By Dhirendra Tripathi
Investing.com – Peloton stock (NASDAQ:PTON) traded 1.5% lower in premarket Monday following comments from its new CEO ruling out a sale of the fitness equipment maker.
Instead of a sale, Barry McCarthy, who took over from co-founder John Foley last week, told the Financial Times the company will expand its content, expand to new geographies and widen its product portfolio.
According to McCarthy, “where the magic lives” at Peloton is on its digital screens and not its connected bikes or treadmills.
Reports of the company being a takeover target have circled last two weeks after the stock lost over 80% of its market cap from a peak of $50 billion last year. Amazon (NASDAQ:AMZN), Walt Disney (NYSE:DIS), Sony (NYSE:SONY), Apple (NASDAQ:AAPL) and Nike (NYSE:NKE) were among those named as potential suitors.

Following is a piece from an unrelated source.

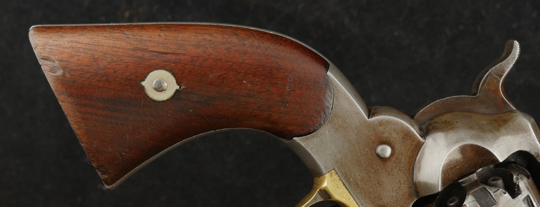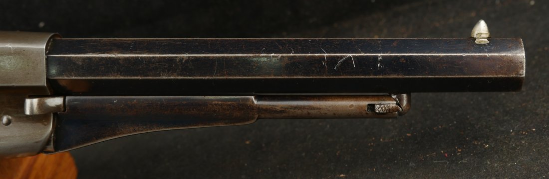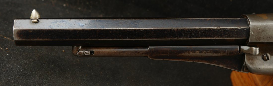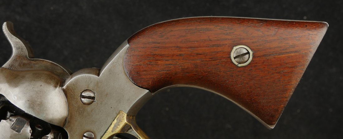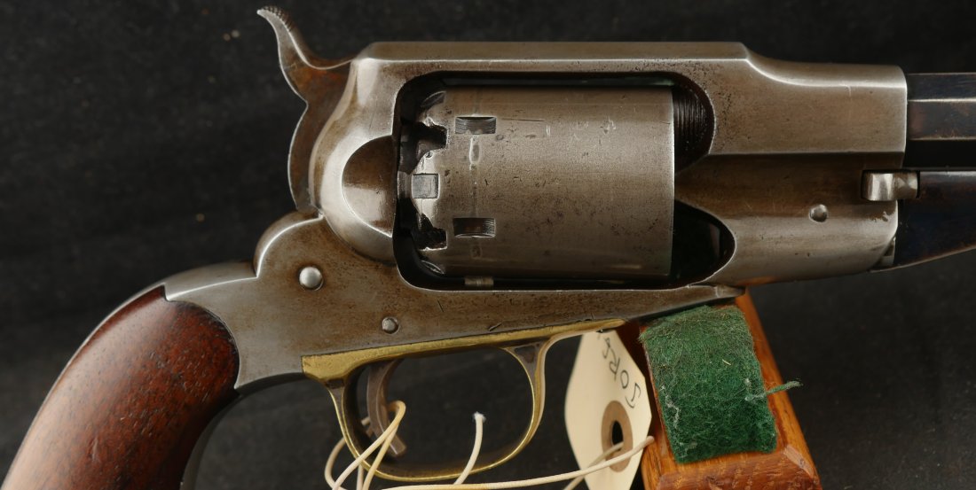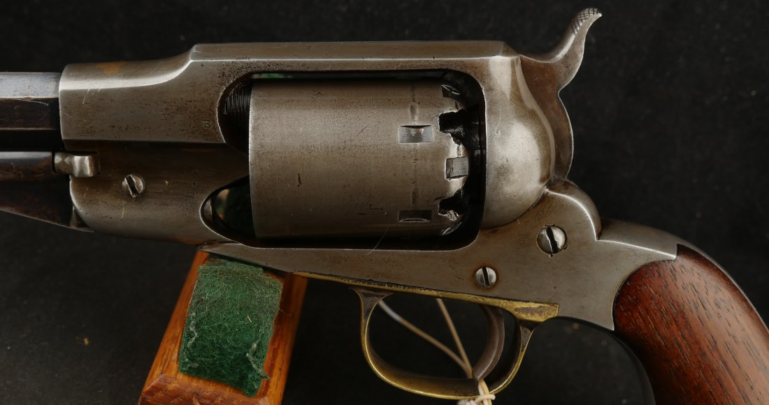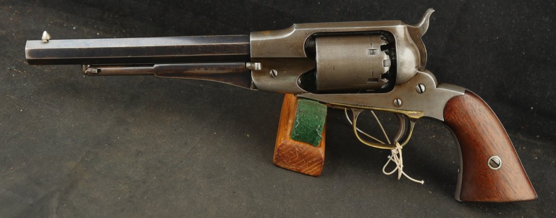 079-0326-9459, Remington Transitional New Model Navy Civilian Single Action Percussion Revolver – Remington Transitional New Model Navy Civilian Single Action Percussion Revolver, #23xxx, . 36 cal., 7-3/8” octagon barrel, blued finish, brass trigger guard, two-piece smooth walnut grips, silver cone front sight, and ”U”-shaped rear sight. Barrel is marked in two-lines ”PATENTED SEPT. 14, 1858/E. REMINGTON & SONS. ILION NEW YORK, U.S.A.” No ”New Model” markings and this revolver still features some of the earlier features found on the Model 1861 Navy revolver. Other markings include a small ”B” stamped on the left front side of the frame. Matching numbers on left side of the grip frame and underside of the barrel. Back of the cylinder is marked ”3170E”. Condition is fine, retaining approx. 45% blue, located primarily on the barrel and lever. Balance of the metal has an even gray appearance, with some areas of mild pin prick pitting. Barrel address is clear. Left grip rates as fine showing moderate signs of age and wear; right grip with a few more noticeable impressions and small chip from the lower edge. Action is crisp. Bore is very good with scattered spots of moderate erosion. Antique, est. value: $2000

The stock has gained nearly 27% this month alone on those reports.
“If I thought it was likely that the business was going to be acquired in the foreseeable future, I can’t imagine it would be a rational act to move across the country,” he told FT. McCarthy is moving to New York from California.
“There are lots of other things I could be doing with my time that are quite lucrative than hanging out with a business that’s about to be sold,” he told the paper.